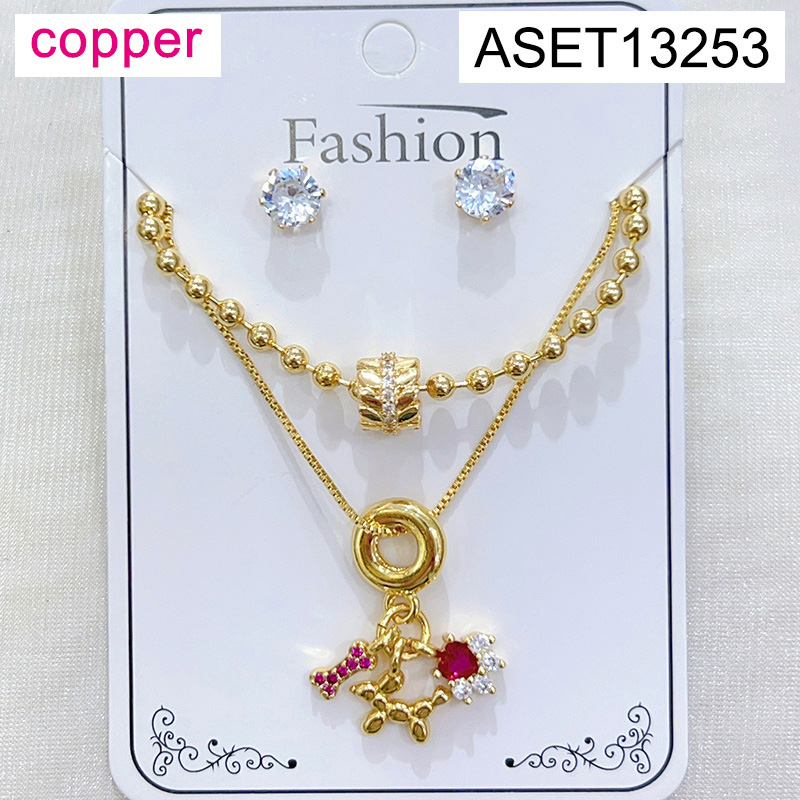 Level B Fashion Jewelry New Trendy Women Jewelry Two Layers Chain Animal Dog Golden SET;Material:copper (cobre)
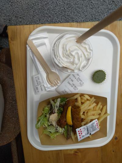 大屋根リングの外側のフードコートパキスタン料理のお店でマトンカバブとミ...
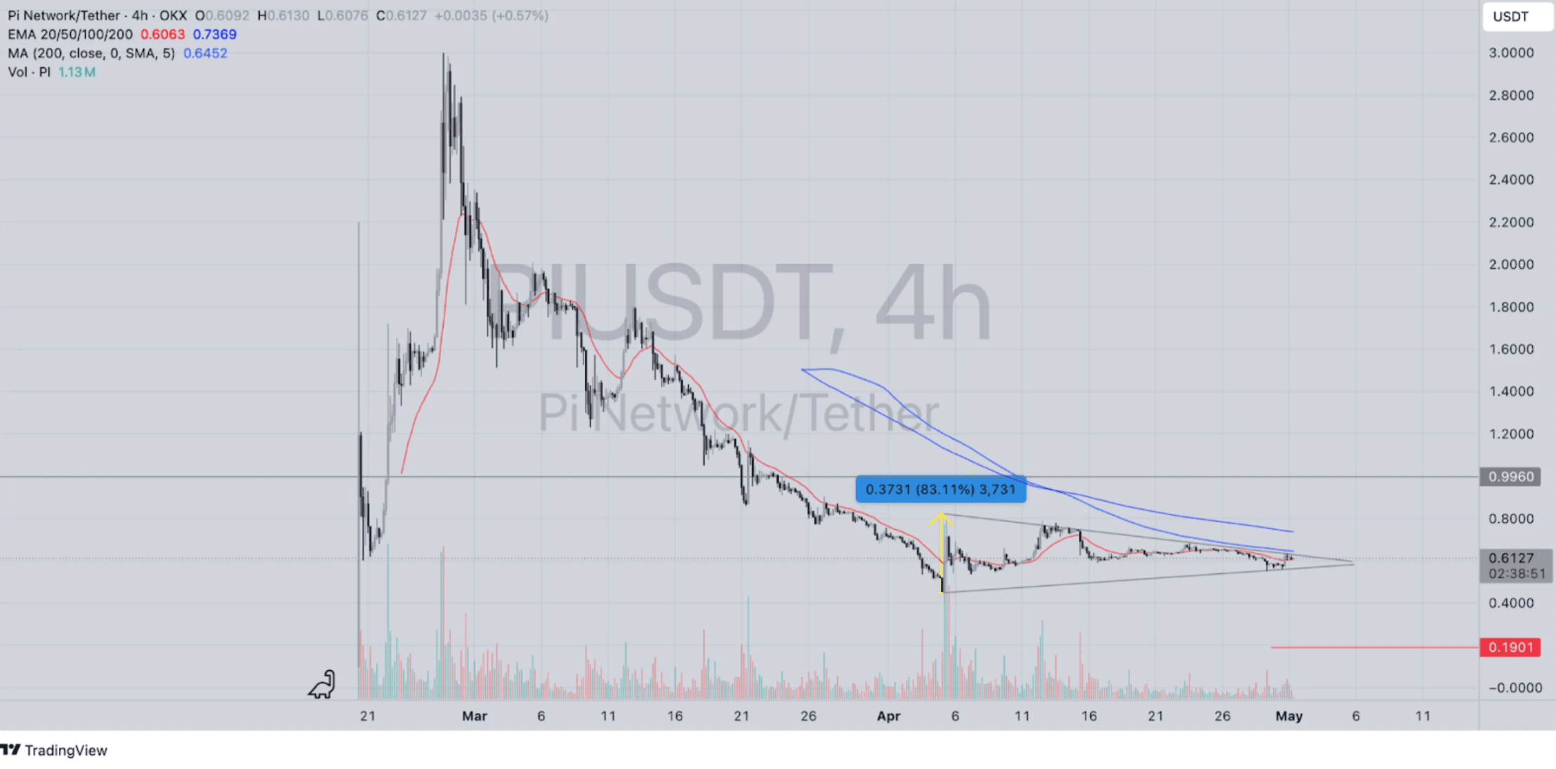 Чарт Pi Network/Tether (PI/USDT) ниже показывает симметричный треугольник на 4-часовом таймфрейме. С начала апреля активность цены PI, похоже, консолидируется в пределах симметричного треугольника, выделенного сходящимися трендовыми линиями. Этот паттерн обычно указывает на период неопределенности на рынке, когда давление покупки и продажи почти сбалансировано.
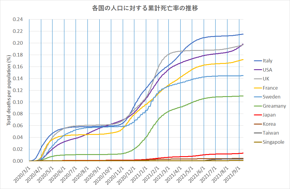 日本は、感染防止対策が厳しい韓国、台湾、シンガポールに比べれば死亡率が2倍ほど大きいが、欧米諸国の十分の一程度である。政府の感染対策が大きく異なったスウェーデンとドイツでもその差異はわずかである。発生初期を除けば死亡者の増加は中・高緯度地方では12月~1月に起こっているが熱帯に近い台湾、シンガポールでは見られない。このことから、季節性効果とも見える。
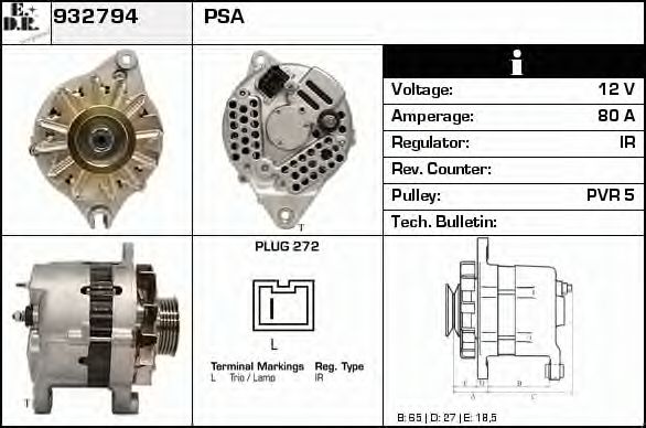 расстояние от ременного шкива до генератора [мм] : 51,5
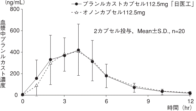 プランルカストカプセル112.5mg「日医工」及びオノンカプセル112.5mgを、クロスオーバー法によりそれぞれ2カプセル(プランルカスト水和物として225mg)健康成人男子に絶食単回経口投与して血漿中プランルカスト濃度を測定し、得られた薬物動態パラメータ(AUC、Cmax)について90%信頼区間法にて統計解析を行った結果、log(0.8)~log(1.25)の範囲内であり、両剤の生物学的同等性が確認された2)。

----

[REQUIREMENT]: Repeat only what runs from the first line of the records above to the line with "大屋根リングの外側のフードコートパキスタン料理のお店でマトンカバブとミ...", both included, word for word, minus the pictures.

[WORKED SOLUTION]:
 Level B Fashion Jewelry New Trendy Women Jewelry Two Layers Chain Animal Dog Golden SET;Material:copper (cobre)
 大屋根リングの外側のフードコートパキスタン料理のお店でマトンカバブとミ...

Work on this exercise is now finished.